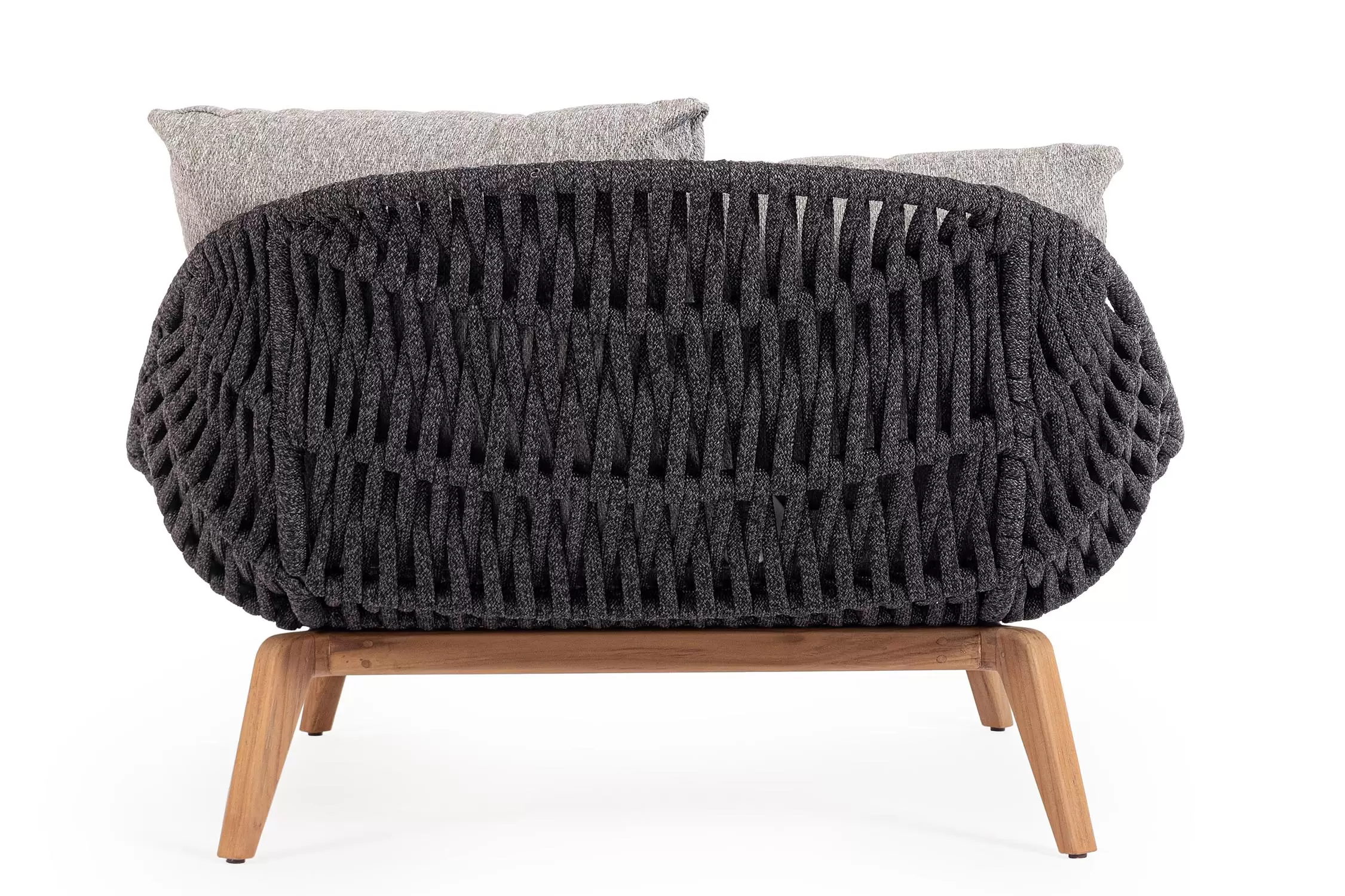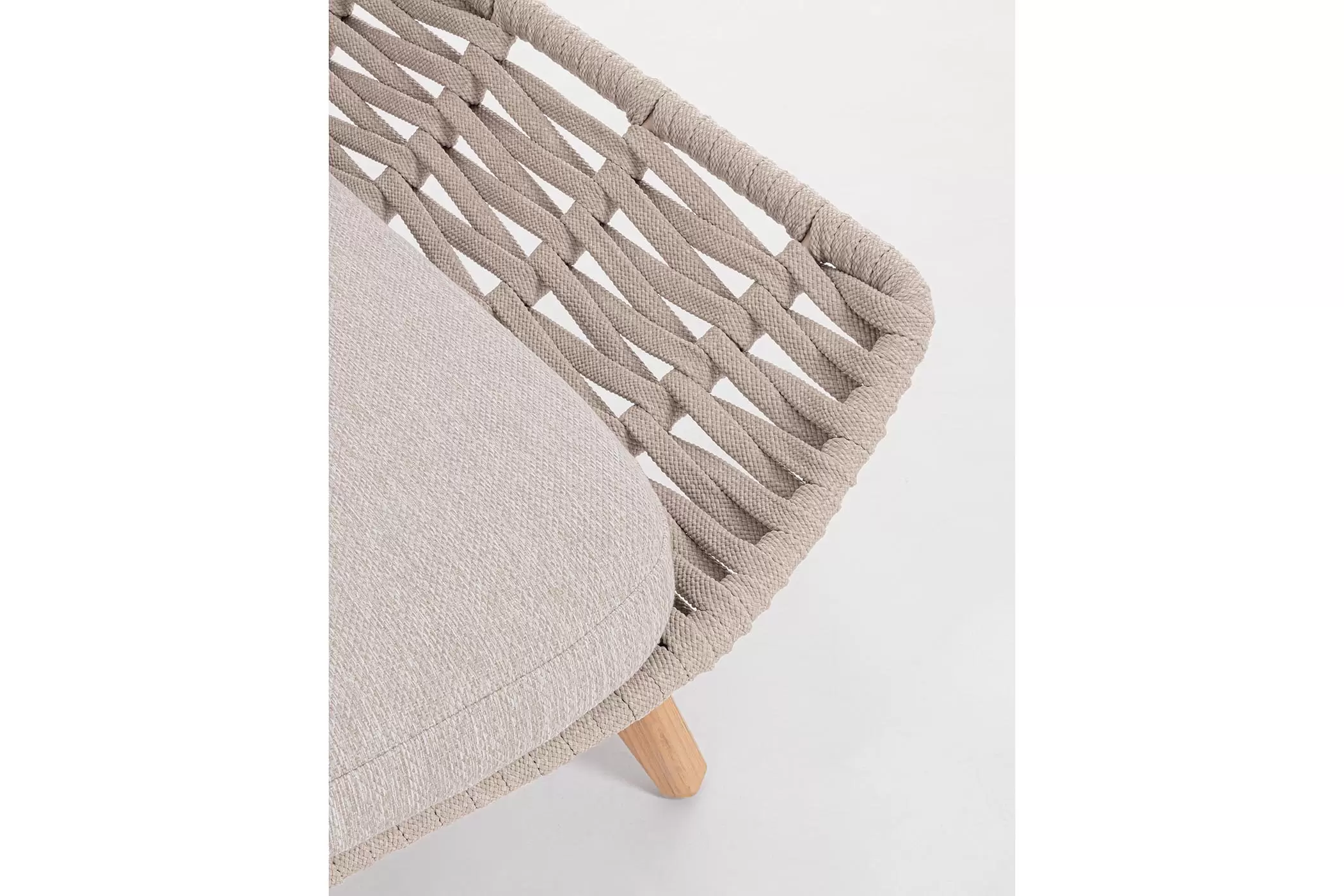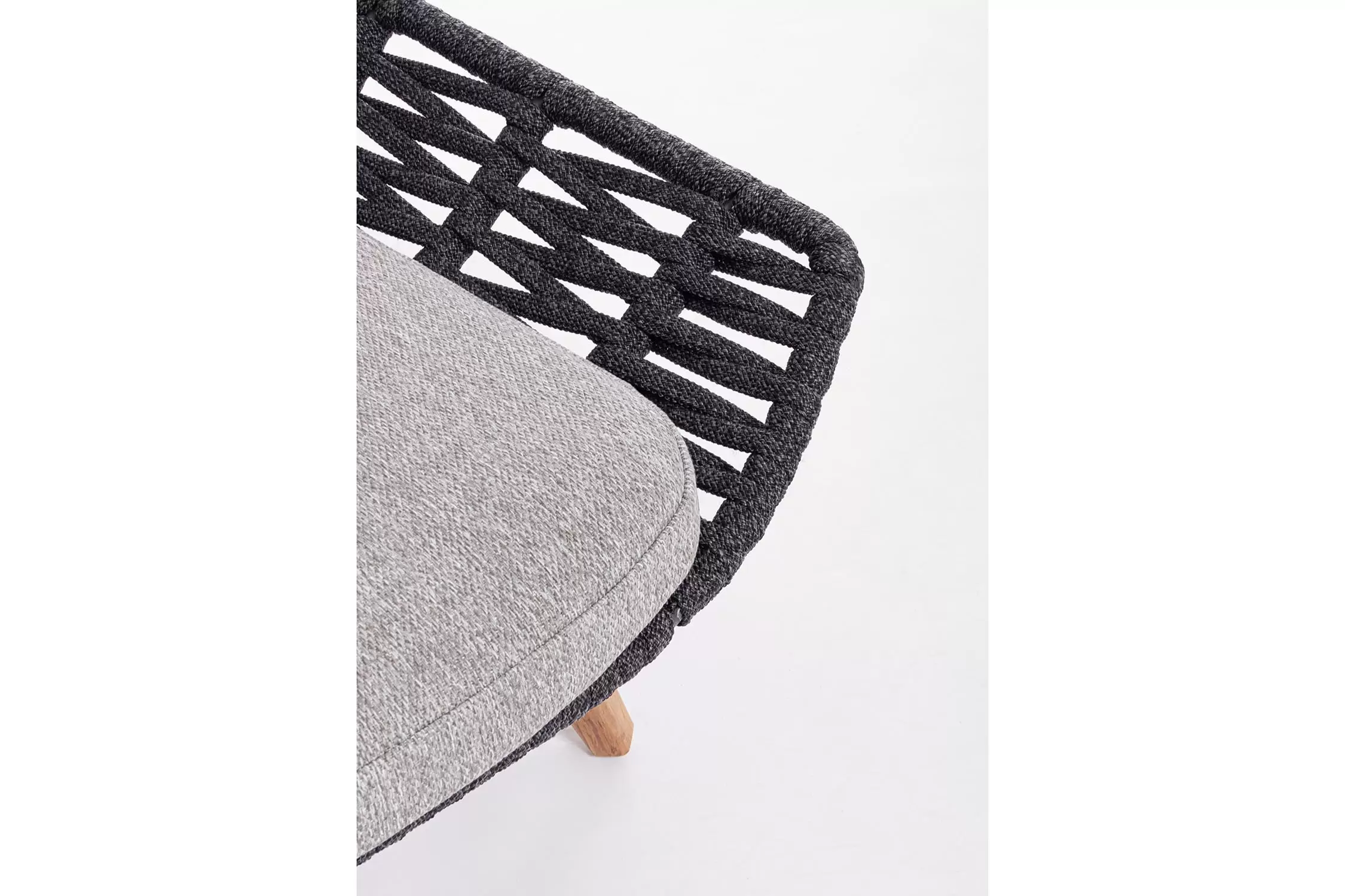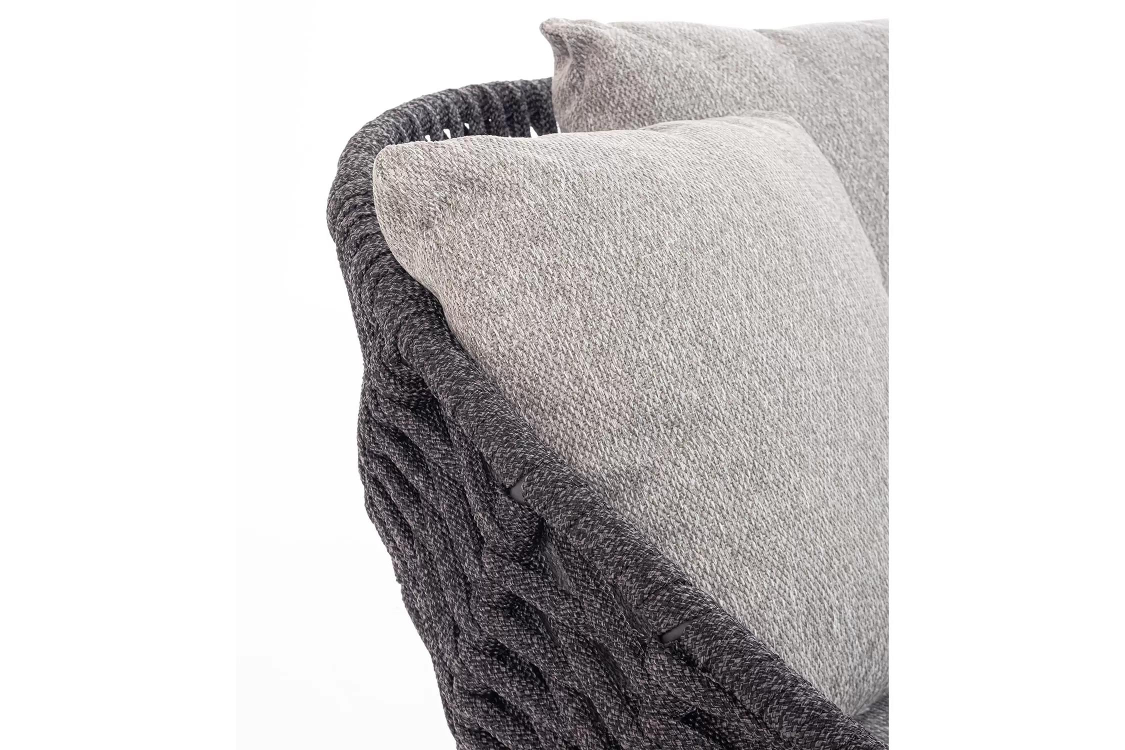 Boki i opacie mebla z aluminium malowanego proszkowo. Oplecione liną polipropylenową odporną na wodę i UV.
---
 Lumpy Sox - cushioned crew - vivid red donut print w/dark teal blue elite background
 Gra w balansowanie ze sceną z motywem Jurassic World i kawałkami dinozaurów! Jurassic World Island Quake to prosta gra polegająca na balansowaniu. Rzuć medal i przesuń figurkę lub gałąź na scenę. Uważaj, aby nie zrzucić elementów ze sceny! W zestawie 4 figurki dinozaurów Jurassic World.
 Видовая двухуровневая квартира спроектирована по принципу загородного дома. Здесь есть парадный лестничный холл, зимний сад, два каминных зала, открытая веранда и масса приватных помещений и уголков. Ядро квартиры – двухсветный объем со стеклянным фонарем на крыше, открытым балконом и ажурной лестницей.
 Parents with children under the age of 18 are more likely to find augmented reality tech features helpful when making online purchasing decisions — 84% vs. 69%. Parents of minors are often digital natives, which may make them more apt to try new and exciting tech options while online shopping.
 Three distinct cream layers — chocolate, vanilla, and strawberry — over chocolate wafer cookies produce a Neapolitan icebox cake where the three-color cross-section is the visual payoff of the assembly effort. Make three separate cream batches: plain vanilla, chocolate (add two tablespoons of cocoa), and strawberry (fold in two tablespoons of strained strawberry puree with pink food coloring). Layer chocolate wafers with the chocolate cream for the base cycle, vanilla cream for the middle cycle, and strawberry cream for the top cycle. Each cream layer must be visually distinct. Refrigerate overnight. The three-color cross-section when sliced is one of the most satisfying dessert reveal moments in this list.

- [What is expected]
Please reproduce, exactly as they appear above, the lines from the line containing "Lumpy Sox - cushioned" up to and including the line containing "Three distinct cream".

- [Task response]
 Lumpy Sox - cushioned crew - vivid red donut print w/dark teal blue elite background
 Gra w balansowanie ze sceną z motywem Jurassic World i kawałkami dinozaurów! Jurassic World Island Quake to prosta gra polegająca na balansowaniu. Rzuć medal i przesuń figurkę lub gałąź na scenę. Uważaj, aby nie zrzucić elementów ze sceny! W zestawie 4 figurki dinozaurów Jurassic World.
 Видовая двухуровневая квартира спроектирована по принципу загородного дома. Здесь есть парадный лестничный холл, зимний сад, два каминных зала, открытая веранда и масса приватных помещений и уголков. Ядро квартиры – двухсветный объем со стеклянным фонарем на крыше, открытым балконом и ажурной лестницей.
 Parents with children under the age of 18 are more likely to find augmented reality tech features helpful when making online purchasing decisions — 84% vs. 69%. Parents of minors are often digital natives, which may make them more apt to try new and exciting tech options while online shopping.
 Three distinct cream layers — chocolate, vanilla, and strawberry — over chocolate wafer cookies produce a Neapolitan icebox cake where the three-color cross-section is the visual payoff of the assembly effort. Make three separate cream batches: plain vanilla, chocolate (add two tablespoons of cocoa), and strawberry (fold in two tablespoons of strained strawberry puree with pink food coloring). Layer chocolate wafers with the chocolate cream for the base cycle, vanilla cream for the middle cycle, and strawberry cream for the top cycle. Each cream layer must be visually distinct. Refrigerate overnight. The three-color cross-section when sliced is one of the most satisfying dessert reveal moments in this list.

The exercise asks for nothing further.